FSU coach Jimbo Fisher, meanwhile, said any team that drafts Cook will be getting a “football junkie” who loves the grind of practice as much as he loves the glory of game day.
“He’s in tremendous shape,” Fisher said. “The things he does at the beginning of the game, he does in the fourth quarter. He takes himself to levels because of his competitive drive. It means something to him.
“We knew if we gave him the ball, good things were going to happen.”
No kidding.

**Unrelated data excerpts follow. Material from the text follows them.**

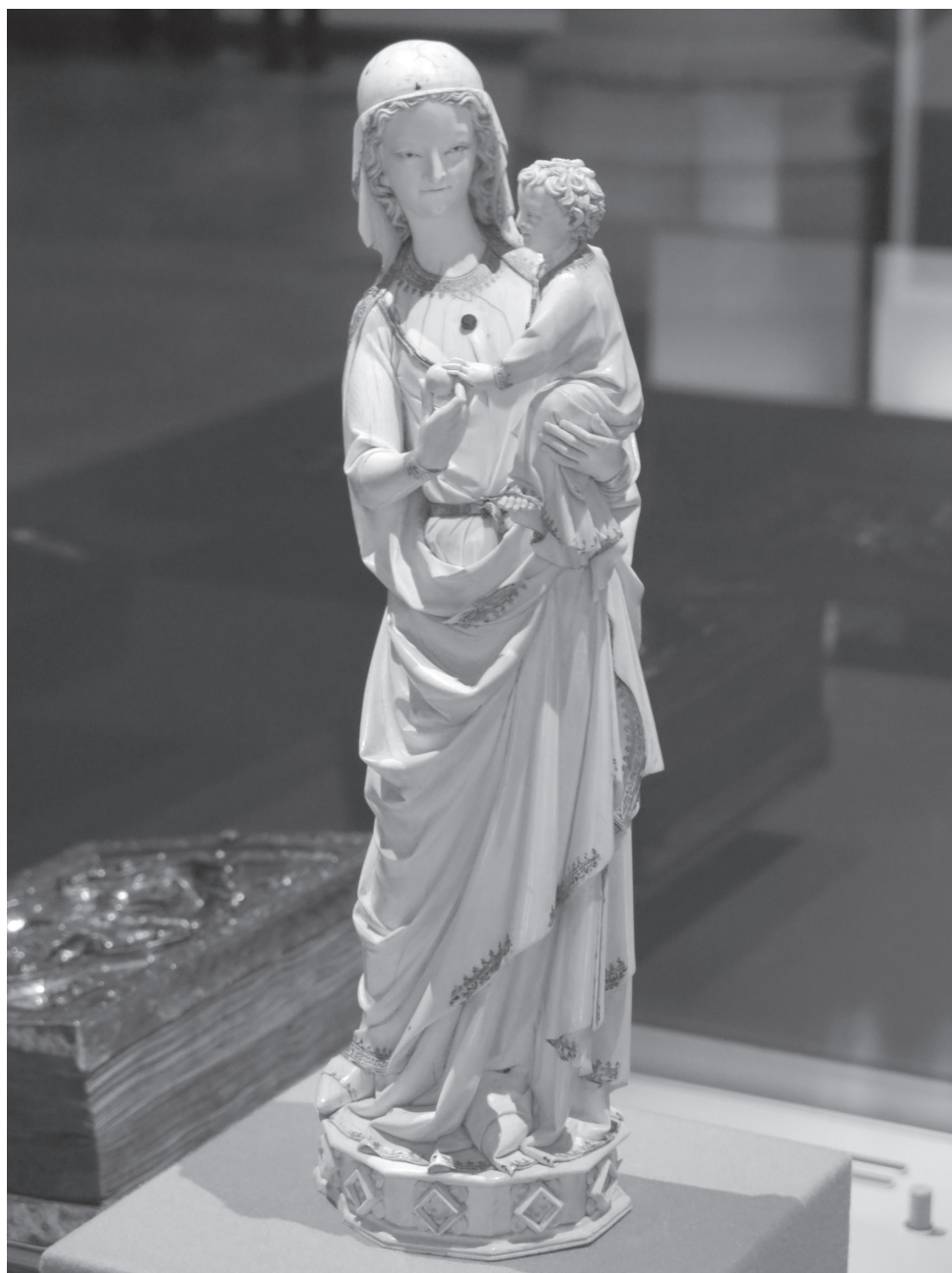
5. Figurka Maryja z Dzieciątkiem z Sainte-Chapelle , 3. kwarta XIII w. (przed 1279 r.), kość słoniowa. Luwr, Paryż.
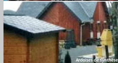
Ardoises de synthèse
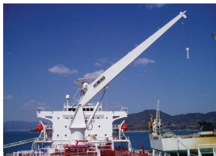
油圧式ホースハンドリングクレーン (10TON×19MR) Hydraulic type hose handling crane
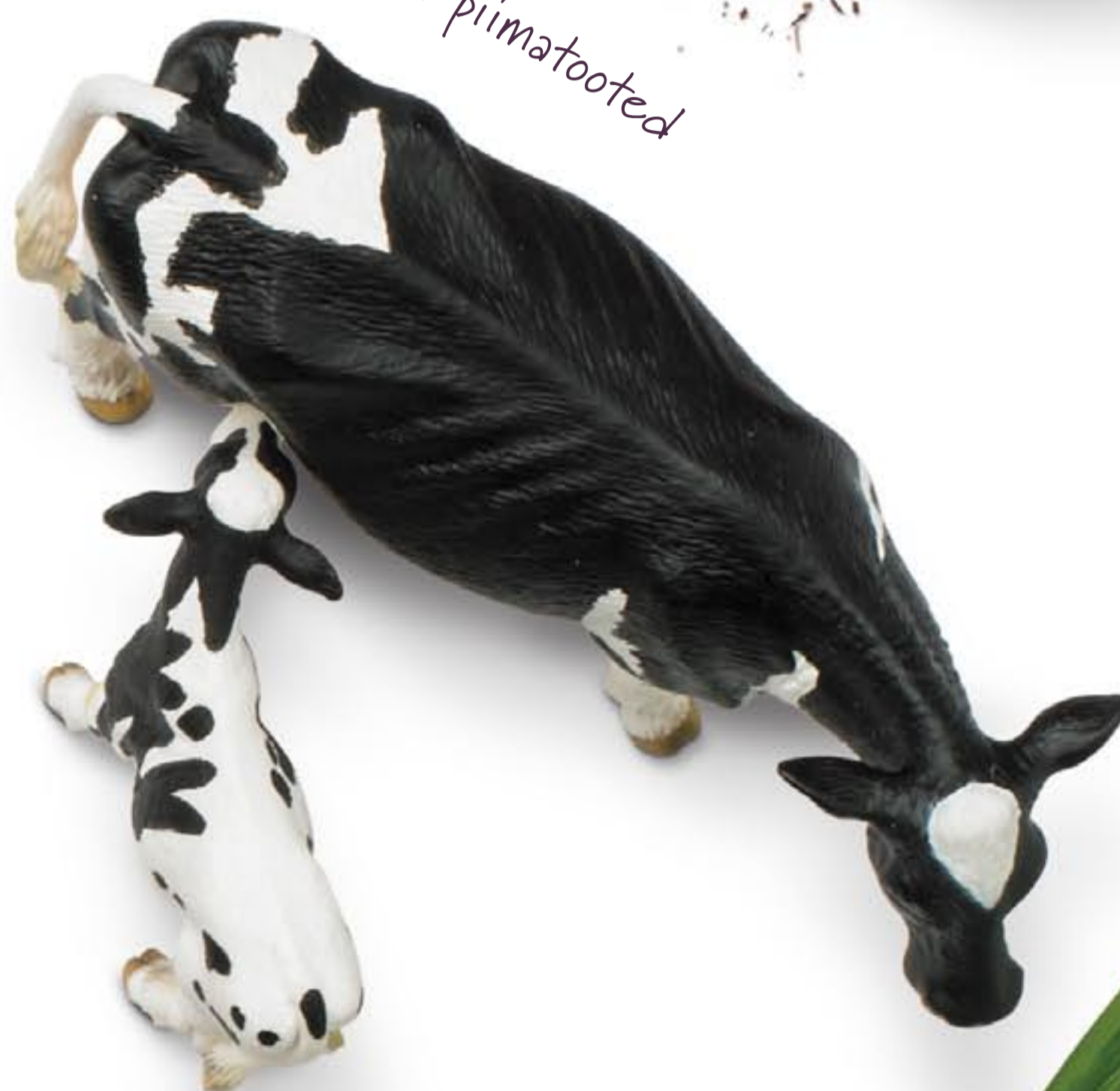
Midagi muud kui piimatooted

Cook claimed both single-season and career rushing records during his three-year career at FSU, and he had 10 career runs of at least 50 yards.
CBSSports’ Dane Brugler compared Cook to Hall-of-Famer Marshall Faulk, while Lance Zierlein of NFL.com compared him to fellow Miami native Edgerrin James.
And while Cook might not want to compare himself to other running backs in the current class, draft analysts were more than happy to do it for him.
“On the field,” ESPN’s Todd McShay said, “I think his tape was even more impressive than Fournette and anyone else in this class.”
Cook may have been the top draw at Pro Day, but he was hardly the only Seminole to attract a crowd.
Defensive end DeMarcus Walker and lineman Roderick Johnson both held heavily-anticipated workouts after sitting out the on-field portion of the combine last month.
Walker ran the 40-yard dash and other drills, and he impressed by loudly and violently tearing through tackling dummies – after which he exclaimed, “I came to put on a show.”
“Heck yeah,” Walker said with a smile when asked if he thought he boosted his draft stock.
“My film is awesome. My numbers, no one is better – D-tackle, D-end,” he said. “They just wanted me to come out and show it to them. That was my only thing. I had to come out here at Pro Day to show them.”
Quarterback Sean Maguire, lineman Kareem Are, fullback Freddie Stevenson, receivers Travis Rudolph, Kermit Whitfield and Bobo Wilson and cornerback Marquez White were among the other Seminoles to work out on Tuesday.
A few familiar faces participated in the event as well. Defensive back Tyler Hunter and tight end Kevin Haplea worked out, as did Marvin Bracy, the former FSU receiver who cut his collegiate career short to pursue a professional track career.
Bracy, Whitfield’s cousin, represented the United States at the 2016 Summer Olympics in Rio de Janeiro.
Fisher said he was impressed by all the performances he caught during Pro Day, and noted that the spotlight that comes with playing at FSU may have helped some of the players feel better prepared for what is essentially one of the biggest job interviews of their lives.
“I thought they were crisp,” Fisher said. “I thought they were sharp. I think they came ready for the day. And I think part of being at Florida State helps with that. You’re used to playing in big environments and atmospheres and around big-time people, games, players. It’s kind of expected.
“They looked really comfortable to me today, and I thought they performed well.”